Iraqi Presidential Council Withdraws Objection to Local Elections Law
By VOA News
19 March 2008
Iraq's presidential council has withdrawn its objection to a provincial elections law seen as key to promoting reconciliation among rival political factions.
In a statement Wednesday, the council said the law will be sent to the Justice Ministry to be published in the official newspaper in a few days.
At the same time, the council said it would work with parliament on possible amendments to the law.
The provincial elections are due to be held by October 1. They are seen as a chance to draw more disenfranchised Iraqis, especially minority Sunnis, into the political process and away from the insurgency.
Many Sunnis boycotted similar provincial polls in 2005.
Wednesday's development came five years after the start of the Iraq war and at the end of a unity conference aimed at reconciling differences among Iraq's political factions.
Iraq's main Sunni Muslim bloc boycotted the conference and a Shi'ite party loyal to anti-U.S. cleric Moqtada al-Sadr walked out of the event.
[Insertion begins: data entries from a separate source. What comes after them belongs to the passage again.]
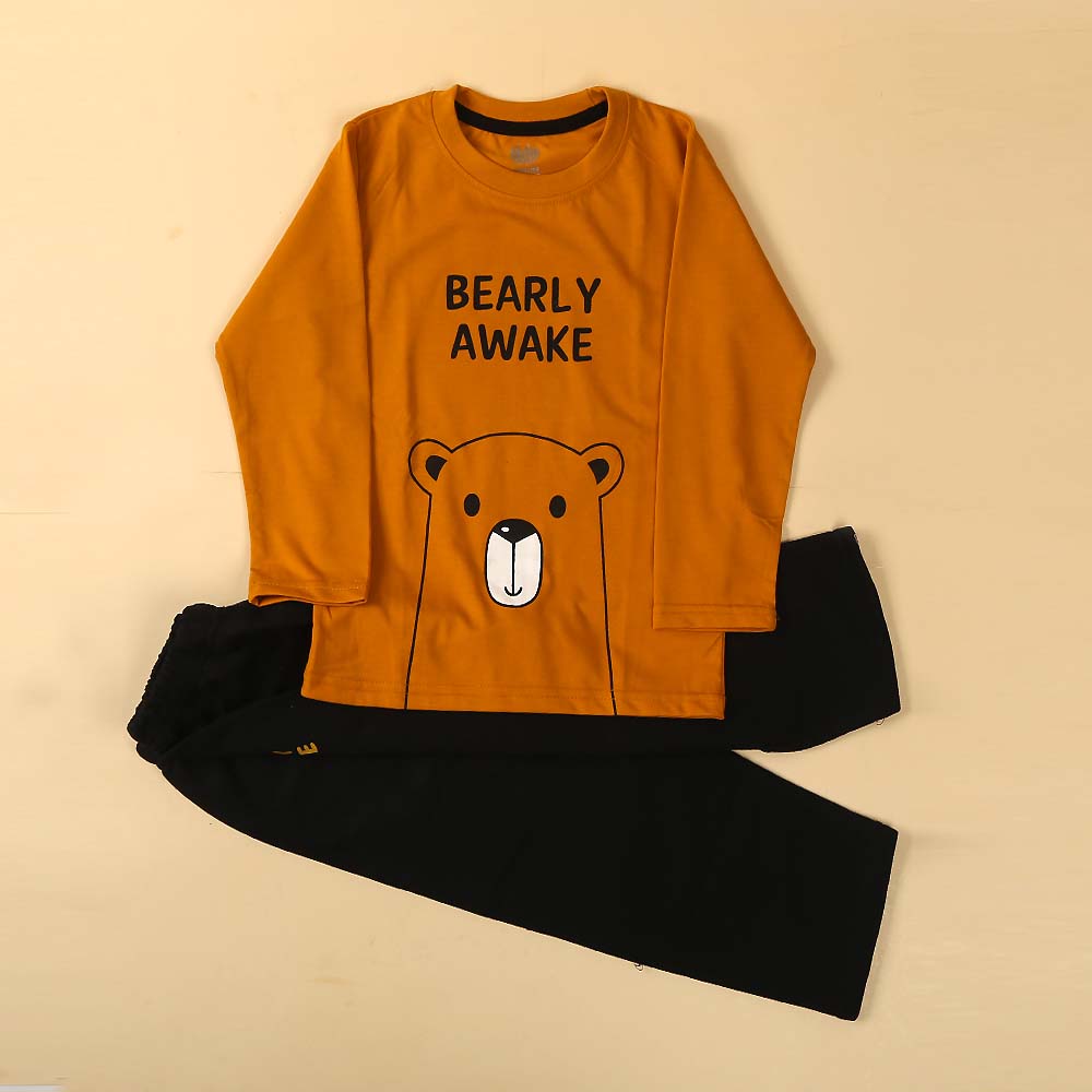 Bearly Awake Night Suit For Boys - Saffron (030)
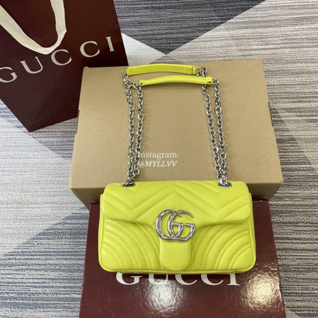 The iconic GG Marmont series of the brand ingeniously integrates double G shaped accessories and cut chain straps, selecting soft sheepskin leather to create a soft line bag shape.
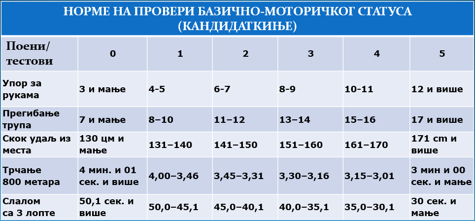 3. експлозивност у снази мишића доњих екстрeмитета (тест скок у даљ из места);

Iraqi Prime Minister Nouri al-Maliki is under pressure from the United States to unite Iraq's political factions.
In the latest violence, the U.S. military says its troops accidentally killed at least three policemen and wounded another in the northern Iraqi province of Kirkuk.
Also on Wednesday, Iraqi police say a female suicide bomber killed four people and wounded 12 others near a police patrol in Balad Ruz in volatile Diyala province. At least one police officer was killed and three were wounded in the attack, the latest suicide bombing carried out by a woman.
Separately, the U.S. military say one U.S. soldier died in a vehicle rollover in Iraq's Diyala province.
Some information for this report was provided by AP and Reuters.